BUG #13473: VACUUM FREEZE mistakenly cancel standby sessions

From: marco(dot)nenciarini(at)2ndquadrant(dot)it
To: pgsql-bugs(at)postgresql(dot)org
Subject: BUG #13473: VACUUM FREEZE mistakenly cancel standby sessions
Date: 2015-06-26 13:43:10
Message-ID: 20150626134310.3876.82768@wrigleys.postgresql.org
Views: Raw Message | Whole Thread | Download mbox | Resend email
Thread:
Lists: pgsql-bugs pgsql-hackers

The following bug has been logged on the website:

Bug reference: 13473
Logged by: Marco Nenciarini
Email address: marco(dot)nenciarini(at)2ndquadrant(dot)it
PostgreSQL version: 9.4.4
Operating system: all
Description:

= Symptoms

Let's have a simple master -> standby setup, with hot_standby_feedback
activated,
if a backend on standby is holding the cluster xmin and the master runs a
VACUUM FREEZE
on the same database of the standby's backend, it will generate a conflict
and the query
running on standby will be canceled.

= How to reproduce it

Run the following operation on an idle cluster.
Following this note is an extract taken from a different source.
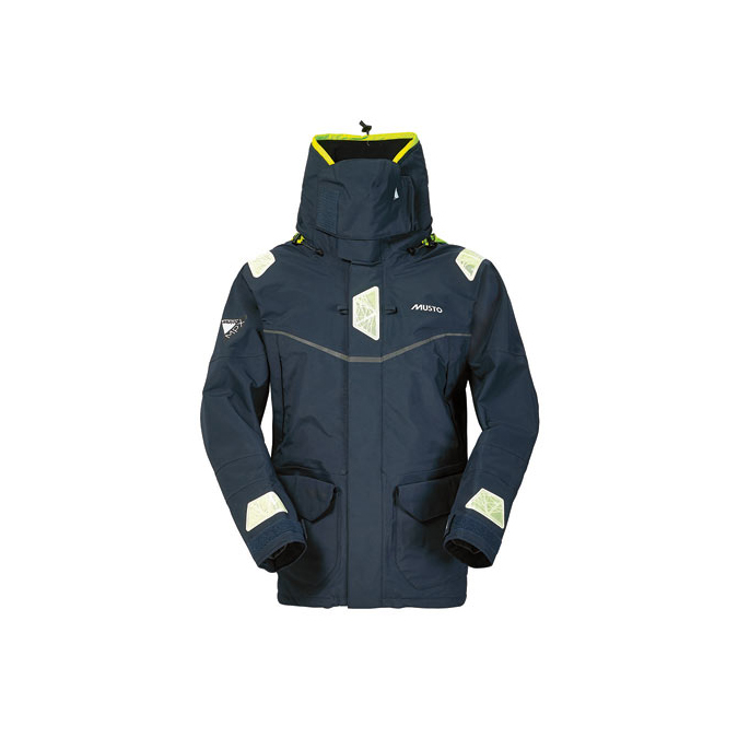 Constructed with a 3-layer GORE-TEX® Pro laminate custom engineered for MUSTO, this foul weather jacket is built for prolonged offshore sailing. A favourite jacket of offshore sailors, its high collar and spume visor, shaped for maximum vision, shield you against the rain and spray. Innovative photoluminescent strips that glow in the dark and a fluorescent GORE-TEX® hood make you visible even in low light. Large fleece-lined pockets keep your hands warm in the bitter cold and cargo pockets with a water deflecting closure and mesh drainage keep your essentials accessible. The mesh lining of the jacket and articulated elbows and underarms provide comfort and ease of movement for every offshore adventure. Stay safe with the lifejacket attachment points.

1) connect to the standby and simulate a long running query:

select pg_sleep(3600);

2) connect to the master and run the following script

create table t(id int primary key);
insert into t select generate_series(1, 10000);
vacuum freeze verbose t;
drop table t;

3) after 30 seconds the pg_sleep query on standby will be canceled.

= Expected output

The hot standby feedback should have prevented the query cancellation

= Analysis

Ive run postgres at DEBUG2 logging level, and I can confirm that the vacuum
correctly see the OldestXmin propagated by the standby through the hot
standby feedback.
The issue is in heap_xlog_freeze function, which calls
ResolveRecoveryConflictWithSnapshot as first thing, passing the cutoff_xid
value as first argument.
The cutoff_xid is the OldestXmin active when the vacuum, so it represents a
running xid.
The issue is that the function ResolveRecoveryConflictWithSnapshot expects
as first argument of is latestRemovedXid, which represent the higher xid
that has been actually removed, so there is an off-by-one error.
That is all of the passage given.